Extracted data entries

☆ ☆ ☆

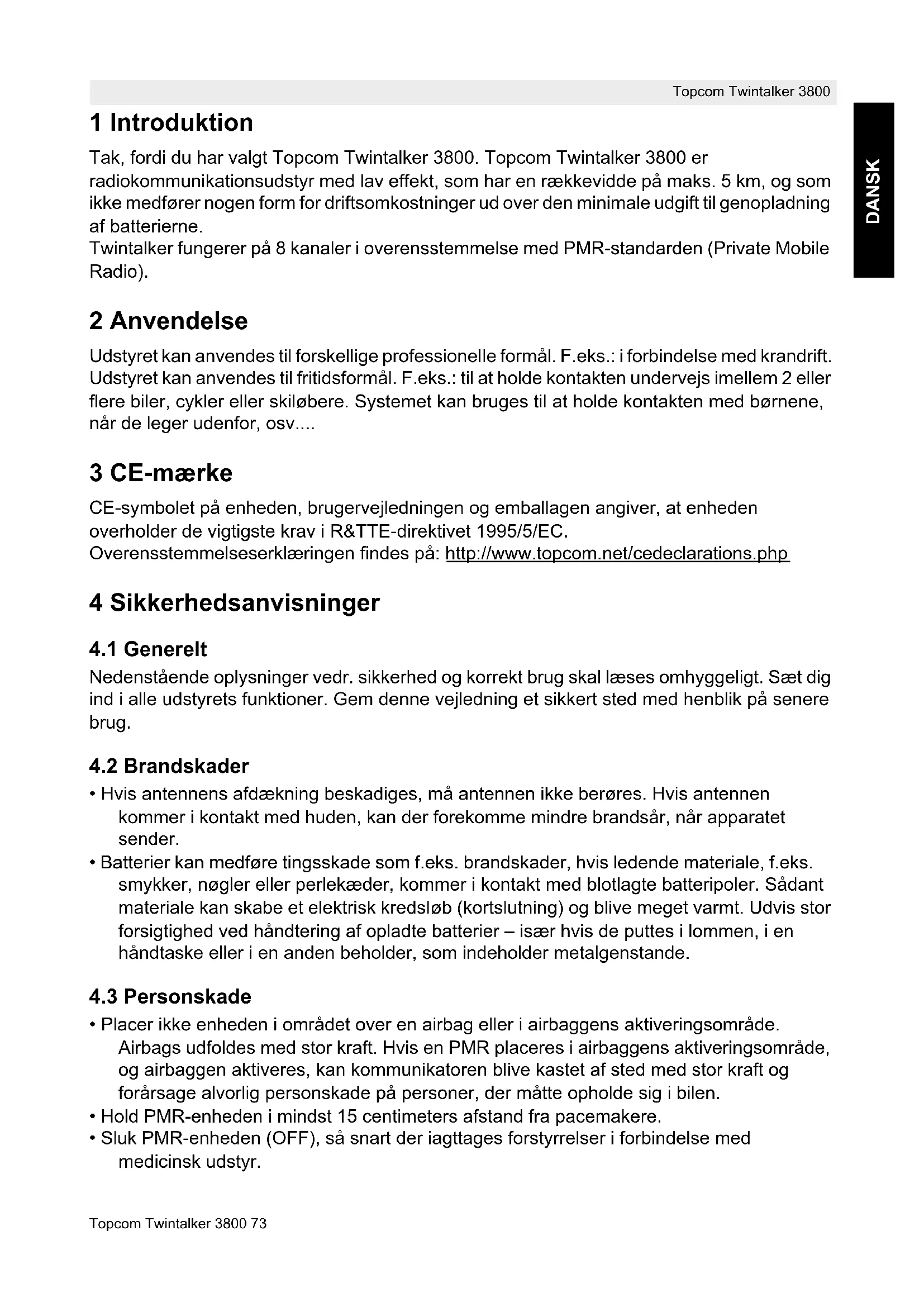 - Sluk PMR-enheden (OFF), så snart der iagttages forstyrrelser i forbindelse med medicinsk udstyr.74 Topcom Twintalker 3800 Topcom Twintalker 3800
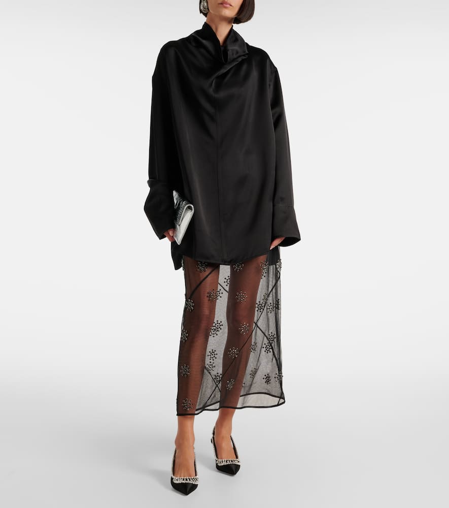 Upper: satin. Lining: leather. Sole: leather insole and sole. Toe shape: pointed toe. Made in Italy. Includes: shoe box. Designer color name: Black. Shop the latest Aquazzura Mid-Heel Pumps for women now.
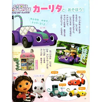 在「蓋比的娃娃屋」裡, Carlita是最可靠的貓咪。可以變身成各種交通工具的她,會帶大家到處去玩喔。
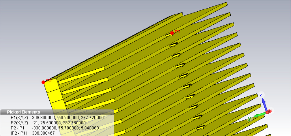 В настоящей статье рассмотрена линейная эквидистантная антенная решетка с равноамплитудным и синфазным возбуждением, состоящая из открытых концов волноводов сечением 19 мм на 11 мм с воздушным заполнением. Период решетки – 19,5 мм. Габаритные размеры разработанной антенной решетки: ширина раскрыва – 624 мм, высота – 12 мм, глубина – 118 мм. Особенностью конструкции антенной решетки является использование плавных несимметричных переходов в Е-плоскости по экспоненциальному закону; в раскрыве ФАР чередуются с периодом, равным 4 значениям ширины волноводов с учетом ширины их узких стенок, волноводные несимметричные рупоры, расширяющиеся в верхнем (2 соседних излучателя) и нижнем (следующие 2 излучателя) направлениях.
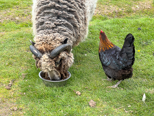 The sheep are fed in the morning in their shed with the door shut so they are in a routine where I can catch whoever and do stuff if I need to. Shearing will be soon so I try and keep this going all year round. There is nothing worse than unhelpful sheep.

☆ ☆ ☆

*TASK GOAL:*
Repeat every entry exactly. Do not include the pictures.

*REPLY TO THE TASK:*
 - Sluk PMR-enheden (OFF), så snart der iagttages forstyrrelser i forbindelse med medicinsk udstyr.74 Topcom Twintalker 3800 Topcom Twintalker 3800
 Upper: satin. Lining: leather. Sole: leather insole and sole. Toe shape: pointed toe. Made in Italy. Includes: shoe box. Designer color name: Black. Shop the latest Aquazzura Mid-Heel Pumps for women now.
 在「蓋比的娃娃屋」裡, Carlita是最可靠的貓咪。可以變身成各種交通工具的她,會帶大家到處去玩喔。
 В настоящей статье рассмотрена линейная эквидистантная антенная решетка с равноамплитудным и синфазным возбуждением, состоящая из открытых концов волноводов сечением 19 мм на 11 мм с воздушным заполнением. Период решетки – 19,5 мм. Габаритные размеры разработанной антенной решетки: ширина раскрыва – 624 мм, высота – 12 мм, глубина – 118 мм. Особенностью конструкции антенной решетки является использование плавных несимметричных переходов в Е-плоскости по экспоненциальному закону; в раскрыве ФАР чередуются с периодом, равным 4 значениям ширины волноводов с учетом ширины их узких стенок, волноводные несимметричные рупоры, расширяющиеся в верхнем (2 соседних излучателя) и нижнем (следующие 2 излучателя) направлениях.
 The sheep are fed in the morning in their shed with the door shut so they are in a routine where I can catch whoever and do stuff if I need to. Shearing will be soon so I try and keep this going all year round. There is nothing worse than unhelpful sheep.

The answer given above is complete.